Parallel Coding Agents with tmux and Markdown Specs: A Real-World Operating System
The Core Model: Roles Plus a Written Spec Contract
The workflow runs multiple “vanilla” coding agents in parallel, each with a clear role:
- Planner: designs a feature or fix in detail.
- Worker: implements from an approved design.
- PM: handles backlog grooming and idea intake.
The contract between those roles is a Markdown document called a Feature Design (FD). An FD is not a casual note. It contains:
- the exact problem statement,
- alternative solutions considered (with pros/cons),
- the final chosen approach,
- implementation file targets,
- verification steps.
That spec-first discipline is what makes concurrency tractable. Without it, every parallel agent session starts drifting into guesswork.
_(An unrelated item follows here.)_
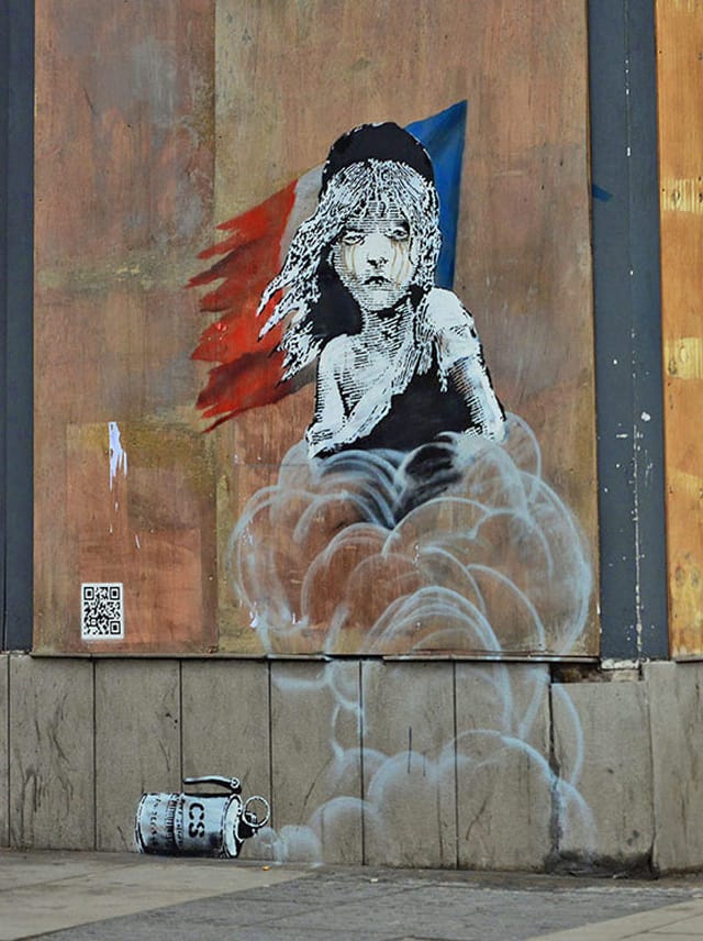 Google preserved Banksy‘s latest mural for their Cultural Institute project. The work, which comments on the use of teargas at the “Jungle” — Calais’ refugee camp — features the iconic girl from the musical Les Misérables.

Feature Designs as a State Machine
Every FD is tracked with an ID such as FD-001, FD-002, and so on, usually under docs/features/. The process uses explicit lifecycle states:
PlannedDesignOpenIn ProgressPending VerificationCompleteDeferredClosed
This is effectively a local issue tracker designed for agent-first development. Instead of relying on chat history, the FD index becomes the canonical planning surface for both humans and agents.
A strict naming pattern also keeps implementation tied to design history. Example commit style: FD-049: Implement incremental index rebuild.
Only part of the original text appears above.